In the context of industry, the development of smart city transportation is guided by the acronym "CASE^1/," which stands for:

C – Connected: This refers to intelligent connectivity, where vehicles are developed to connect and communicate with other vehicles or infrastructure, such as intelligent traffic systems and digital traffic signs. This enhances safety and efficiency in travel and allows for advanced warnings about traffic conditions or accidents ahead.

A – Autonomous: This refers to self-driving vehicles that can drive themselves using sensor technology and advanced computational systems to detect and respond to their environment. This helps reduce accidents caused by human error and improves travel convenience.

S – Shared: This refers to shared mobility, such as car-sharing or ride-sharing services, which reduce the number of vehicles on the road, decrease emissions, save on travel costs, and help alleviate traffic congestion in large cities.

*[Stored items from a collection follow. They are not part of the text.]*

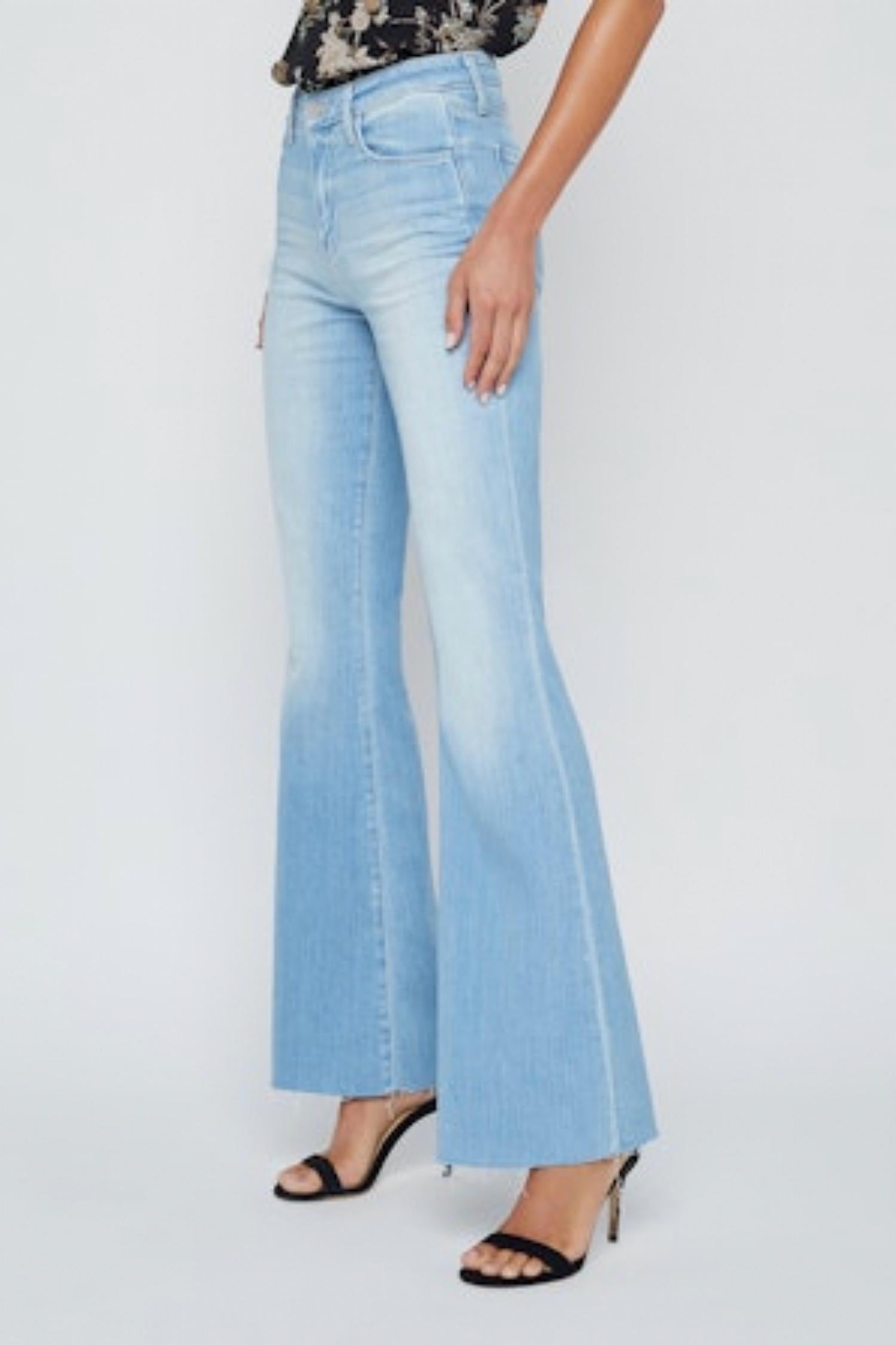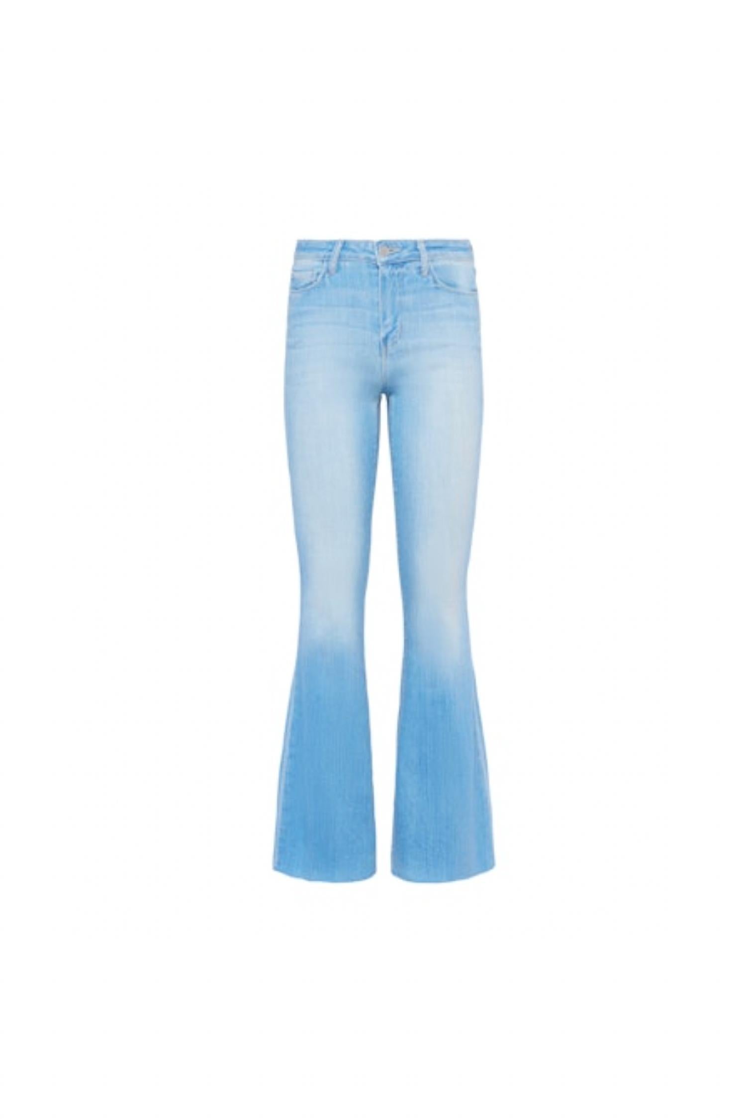 High-waist is here to stay and we especially love this style. Introducing the Sera High Rise Flare Jeans by L'Agence, crafted in Essex, these essential jeans showcase a high-rise, relaxed fit that accentuates your silhouette with a flared leg design. Constructed from a premium stretch cotton blend, they promise comfort and style with a 9.5" rise, 32" inseam, and a 22" leg opening. Composition: 94% Cotton, 5% Polyester, 1% Spandex, with a classic five-pocket construction and a secure button closure. Expertly constructed in the US of imported materials, these jeans capture the essence of the Y2K trend. Model's measurements: 5'8" height, 32" bust, 23" waist, 34" hips, wearing size 25.
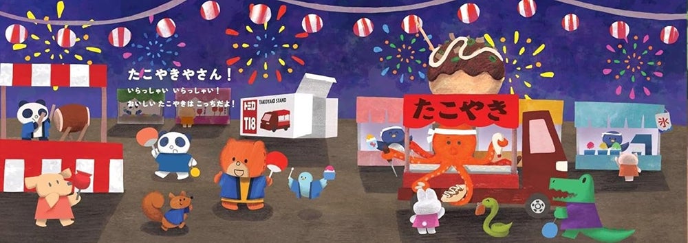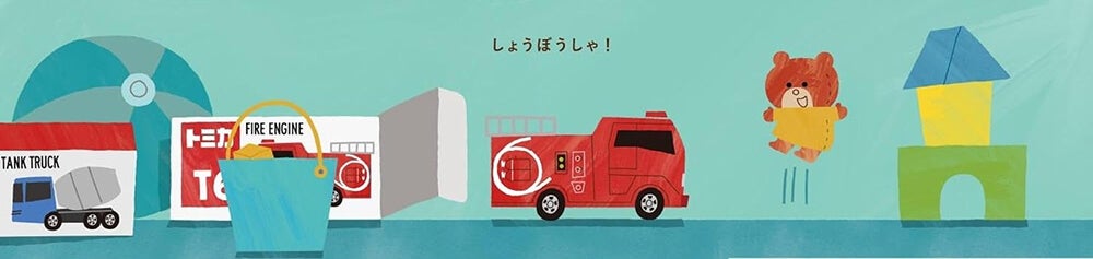 子どもが大好きなトミカが次々と登場するほか、これまでの絵本シリーズに登場したおもちゃもページのどこかに隠れています。
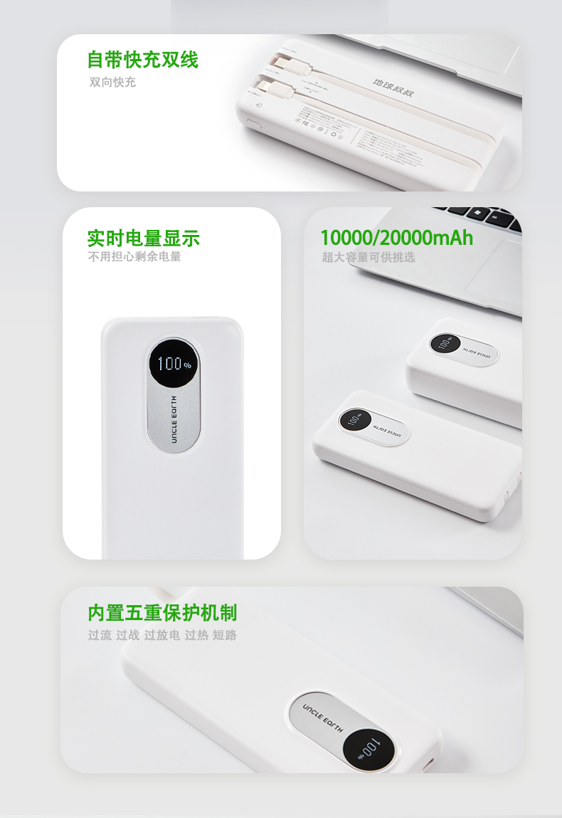 1.由回收ABS塑料制成,两种型号:10000毫安/20000毫安大容量电芯,兼顾环保理念与耐用质感;机身自带LED数显屏幕,剩余电量实时清晰可见,支持22. 5W快速充电与Type-C双向快充,并且配备Lightning和Type- -C双规格数据线,可为笔记本电脑、手机等设备提供高效充电,满足移动办公需求;内置过流、过载、过放电、过热及短路五重保护机制,可规避异常情况,为使用保驾护航。 2.符合3C认证标准。 3.产品尺寸:15 x 7 x 3厘米
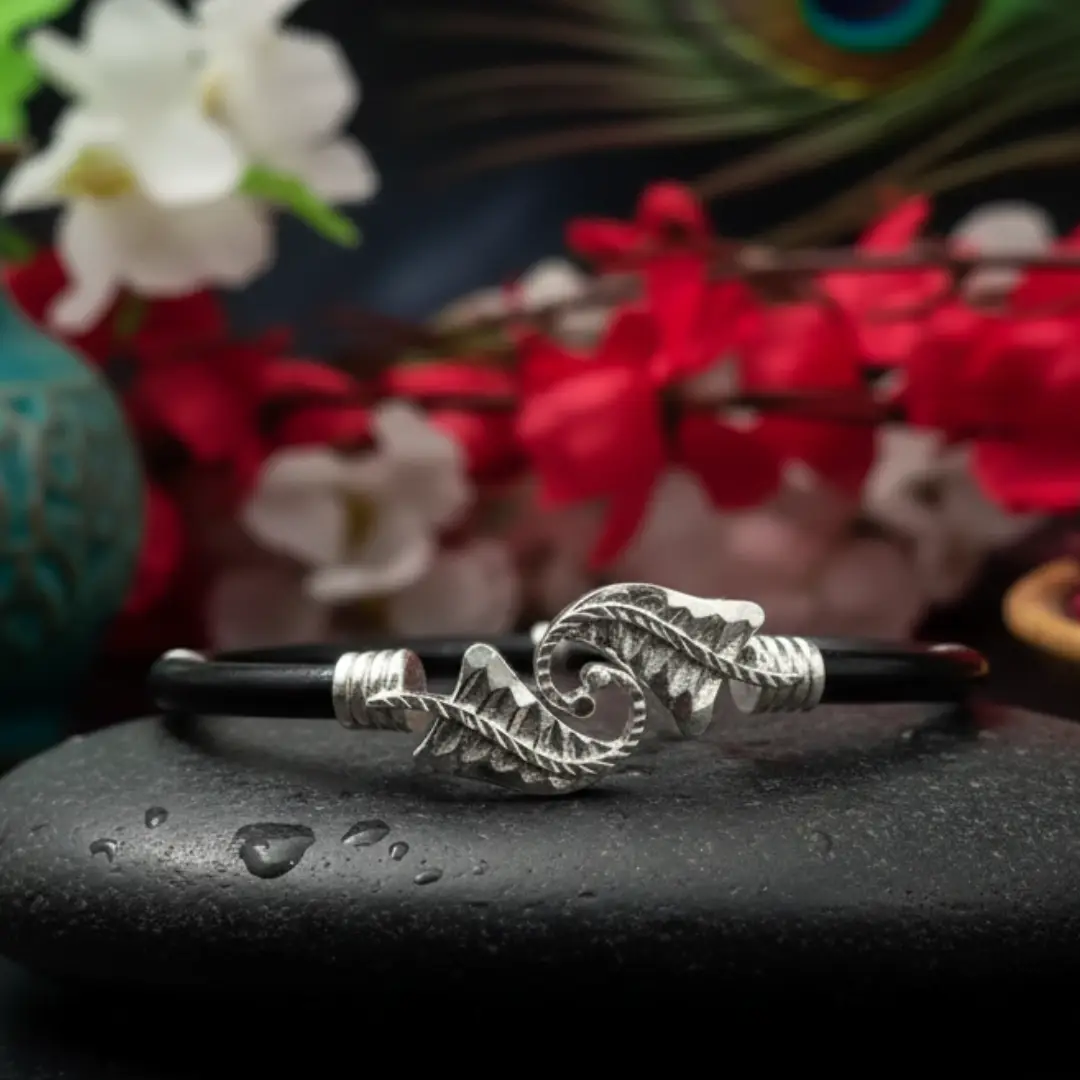 This elegant 925 Sterling Silver Noya Bangle is beautifully crafted with a graceful twin leaf swirl motif, inspired by nature and traditional Indian artistry.
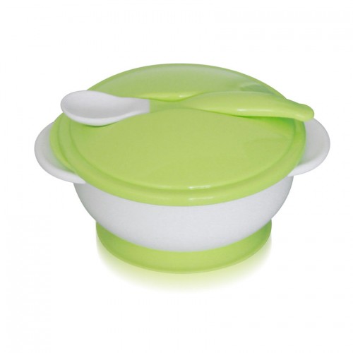 Купа за хранене с капак и вакуумно дъно, което предпазва купичката от обръщане. Капакът затваря много плътно купичката. Лъжичката е изработена от мека пластмаса. На капачето има специално място за поставяне на бебешката лъжичка при пренасяне.

E – Electric: This refers to vehicles powered by electricity (Electric Vehicles: EVs) instead of internal combustion engines that rely on gasoline or diesel. EVs do not emit exhaust pollution as they are powered by rechargeable batteries, helping to reduce emissions during use and save energy. Additionally, EVs can further reduce greenhouse gas emissions if charged using renewable energy sources.

In summary, the development of smart cities is a key approach that will help shape the future of the automotive industry and serve as a cornerstone for developing sustainable and efficient urban transportation innovations.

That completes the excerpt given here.